<<<<

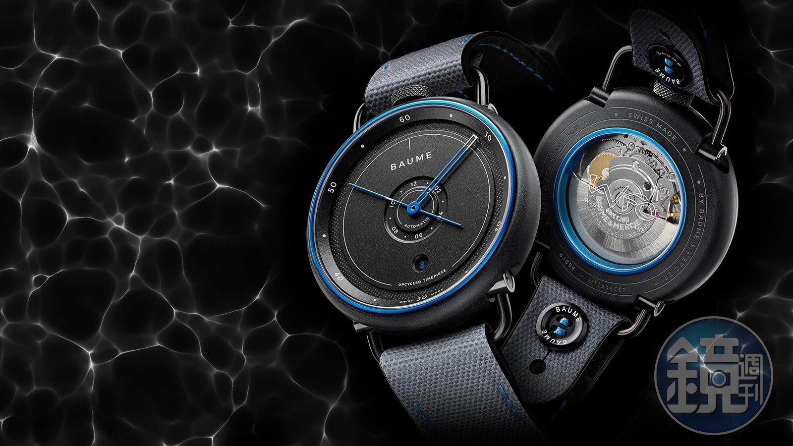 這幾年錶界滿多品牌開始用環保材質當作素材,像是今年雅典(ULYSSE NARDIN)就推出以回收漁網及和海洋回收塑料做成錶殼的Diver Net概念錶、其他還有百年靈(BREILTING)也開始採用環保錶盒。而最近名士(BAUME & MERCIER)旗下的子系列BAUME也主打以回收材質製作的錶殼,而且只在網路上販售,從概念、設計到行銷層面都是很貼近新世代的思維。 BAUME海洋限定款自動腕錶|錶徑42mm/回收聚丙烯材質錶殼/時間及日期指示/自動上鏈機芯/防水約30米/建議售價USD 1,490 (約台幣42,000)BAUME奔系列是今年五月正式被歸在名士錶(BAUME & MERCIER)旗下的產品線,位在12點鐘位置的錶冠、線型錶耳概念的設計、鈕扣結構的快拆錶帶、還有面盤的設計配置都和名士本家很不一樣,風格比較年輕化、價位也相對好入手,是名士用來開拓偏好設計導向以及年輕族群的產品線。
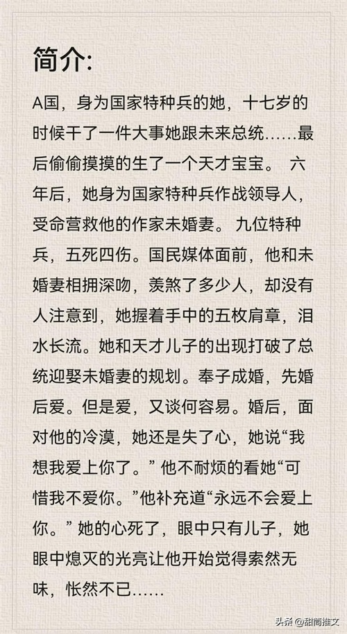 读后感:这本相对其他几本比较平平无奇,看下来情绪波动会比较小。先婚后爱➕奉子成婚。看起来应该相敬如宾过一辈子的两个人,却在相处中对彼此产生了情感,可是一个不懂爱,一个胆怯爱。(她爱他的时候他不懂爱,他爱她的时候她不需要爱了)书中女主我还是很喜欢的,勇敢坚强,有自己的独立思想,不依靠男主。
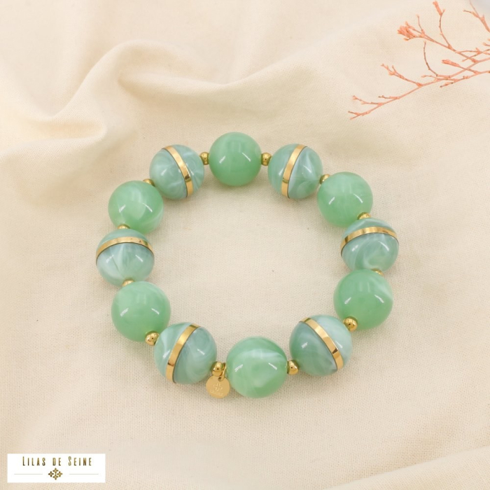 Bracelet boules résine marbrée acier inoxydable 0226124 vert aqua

>>>>
<<<<

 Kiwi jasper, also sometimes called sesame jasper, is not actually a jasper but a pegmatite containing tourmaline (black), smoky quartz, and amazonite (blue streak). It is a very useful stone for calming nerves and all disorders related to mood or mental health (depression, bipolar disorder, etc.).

>>>>

The problem: Transcribe only this stretch of the data: the line with "读后感:这本相对其他几本比较", the line with "Bracelet boules résine", and every line in between. Leave out the pictures.

Answer box:
 读后感:这本相对其他几本比较平平无奇,看下来情绪波动会比较小。先婚后爱➕奉子成婚。看起来应该相敬如宾过一辈子的两个人,却在相处中对彼此产生了情感,可是一个不懂爱,一个胆怯爱。(她爱他的时候他不懂爱,他爱她的时候她不需要爱了)书中女主我还是很喜欢的,勇敢坚强,有自己的独立思想,不依靠男主。
 Bracelet boules résine marbrée acier inoxydable 0226124 vert aqua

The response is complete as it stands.